David Melançon, president-CEO of the branding shop Ito Partnership, thinks the deal is brilliant -- at least for Realogy. "They're taking a well-known brand and using it in a way that could be really effective to them," he said. Thinking of the Better Homes brand as it applies to a house, Mr. Melançon said, "I get the impression of a middle American, warm, not-too-expensive but really nice home."

"The concern I would have," he added, "is on the Better Homes end."

Control
Martha Stewart Living Omnimedia has licensed the Martha Stewart name to houses sold by KB Homes -- but Mr. Melançon noted that Ms. Stewart and her team sign off on the homes, maintaining a degree of control over what appears to the consumer to be a product by MSLO. "It's about being on brand for Martha," Mr. Melançon said. "But it's easier to control the design of housing than it is to control Realtors. If I'm Better Homes and Gardens, I would want to be very careful about which Realtors are out there holding a card with my name on it."
Andy Sareyan, president of Better Homes and Gardens
Andy Sareyan, president of Better Homes and Gardens

Better Homes used to have that kind of control, when its brand was attached to a real-estate service that it owned and operated itself. But Meredith sold that business in 1998 to GMAC, which promptly renamed it. Now Better Homes is back in the game partly because its licensee already has experience with third-party brands like Sotheby's, whose Realogy-owned real-estate business has 400 offices worldwide including more than 275 in the U.S.
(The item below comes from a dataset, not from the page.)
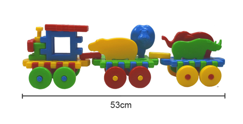 De trein bestaat uit een lokomotief met 2 wagonnen. Op beide wagonnen staan beestjes; 4 in totaal.

After 85 years of publishing a monthly home-and-garden magazine, the Better Homes brand is well known, and is generally seen as stable, trusted, warm and consistent. As long as the people who align with Better Homes and Gardens Real Estate fit within the parameters of what people expect from a BH&G product, the concept is "extraordinarily interesting," said Robert Passikoff, president of Brand Keys.

Meeting expectations
"Trends come and go but the fact is they have a very stable brand, a well-respected brand," he said. "This is really the franchising of a brand into an area where there is a very high likelihood of customer engagement. From the brand perspective, it comes in with the best baggage you can carry: very high expectations.

"Disengagement and disloyalty," he added, "come from a brand, product or service being unable to meet or exceed the expectations."

There are no guarantees in life, said Richard A. Smith, vice chairman-president at Realogy. "It'll never be perfect because all these agents out there are independent contractors," he said. "But we're all joined at the hip and have a vested interest in the brand."

Correction: Meredith sold its real estate business to GMAC in 1998, not 2003 as originally reported.